To operate intelligently in domestic environments, robots require the ability to understand arbitrary spatial relations between objects and to generalize them to objects of varying sizes and shapes. In this work, we present a novel end-to-end approach utilizing neural networks to generalize spatial relations based on distance metric learning. Our network transforms spatial relations to a feature space that captures their similarities based on 3D point clouds of the objects and without prior semantic knowledge of the relations. It employs gradient-based optimization to compute object poses in order to imitate an arbitrary target relation by reducing the distance to it under the learned metric.

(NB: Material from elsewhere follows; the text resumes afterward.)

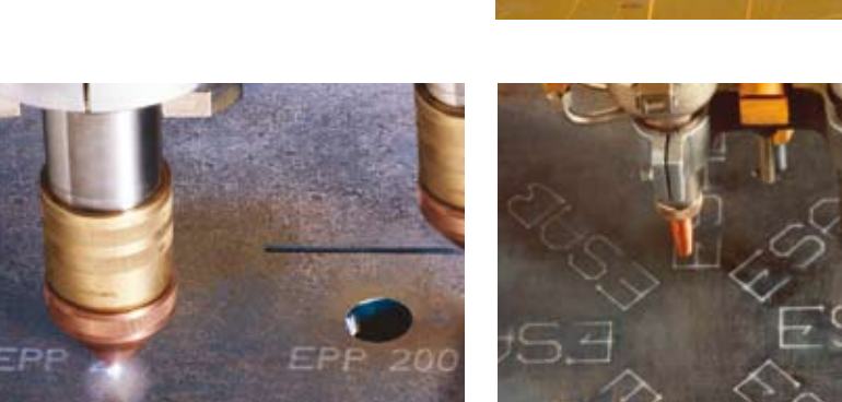
Plasma cutting and marking with the same torch
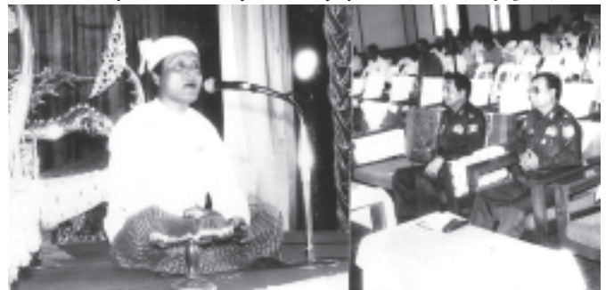
Minister Maj-Gen Kyi Aung and Minister Maj-Gen Sein Htwa attend amateur level men's religious song competition.

An example of generalizing a relation. The pre-trained Convolutional Network encodes the transformation into the metric space. By backpropagating the error of the euclidean distance between the current scene’s embeddings and the reference scene’s embeddings, we can optimize 3D translation and rotation of two objects to resemble the reference scene’s spatial relations.

Projection layer. Projections to three orthogonal planes. We project each point cloud to the three orthogonal planes defined by y−1 = 0, x = 0, and z−1 = 0. We create a depth image by setting the value of a pixel to the smallest distance of all points that are projected on this pixel multiplied by 100 and shifted by 100. Each projection of the two objects is in a separate channel. For this visualization, we added an all-zero blue channel.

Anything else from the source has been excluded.